By now parents who have been unable to get their offspring into their school of choice through the use of a placing request will be worrying about the future. Should they appeal, perhaps move house, go to their local school or consider the private sector?

Dealing with a placing request refusal is, of course, not a new phenomenon, but increasing numbers of parents who use this route are being left disappointed.

Figures from East Renfrewshire, which has some of the most popular schools in Scotland, show a sharp increase in the number of placing requests refused this year with hundreds missing out.

But it is not just leafy suburb authorities who are declining increasing numbers of requests. In 2013 Glasgow City Council began reserving places at some of its most popular schools to ensure pupils who moved into the catchment areas could attend.

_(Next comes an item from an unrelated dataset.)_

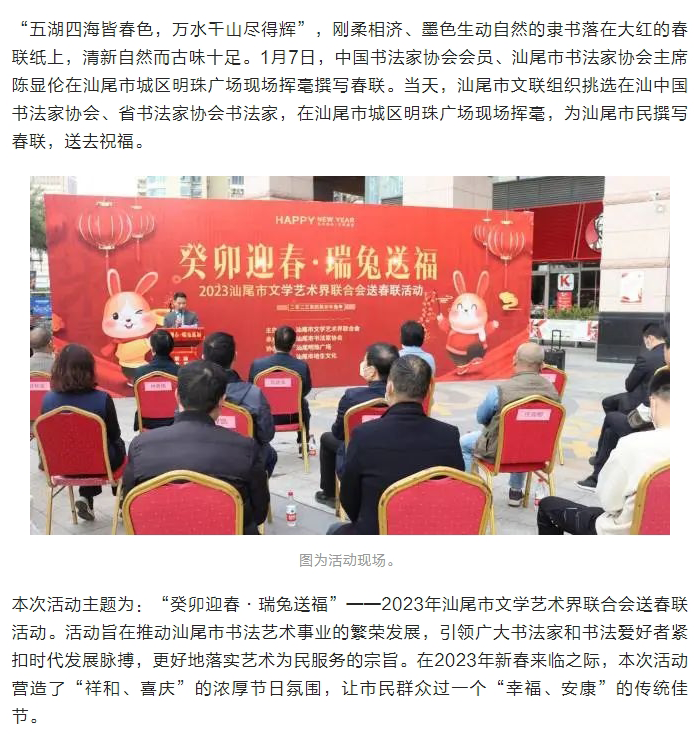 书法家现场挥毫写春联,为汕尾市民送祝福

The most recent national figures available show this is also an issue across Scotland with fewer parents currently being given their choice of primary school than at any time during the past two decades and a corresponding rise in court cases to contest these decisions.

One of the main reasons is because local authorities have shut or merged primaries as part of a money-saving rationalisation of the estate. This smaller number of schools has led to fewer spare places, which has in turn reduced the ability of parents to place their children in schools outside their catchment area.

The decline has also been blamed on the Scottish Government's drive to reduce class sizes with a legal-binding 25-pupil limit in place for the first year of primary. Interestingly, placing requests themselves are also partly to blame for this phenomenon.

The system was introduced by Margaret Thatcher's Conservative government in 1980 as part of moves to create greater social mobility by allowing aspirational parents access to "better" schools.

It meant parents who did not want to send their children to their local school were able for the first time to secure a place elsewhere, so long as there was space, but critics argued it was also intended to create a market in state education which would force less popular schools to close.

In fact what the legislation has done is to exacerbate differences between schools which has led to a heightened perception that some are better than others, in turn fuelling further waves of placing requests.

Educational expert Brian Boyd argued recently that placing requests had led to increasing inequality because it polarised communities and exacerbated differences between comprehensive schools in different areas.

With increasing numbers of placing requests now being refused what happens next will be hugely significant. If parents move house or seek a place in the private sector then little will change.

But if families decide to give their local school a chance and bring with them their passion for education then there is a possibility educational inequalities may begin to be rebalanced.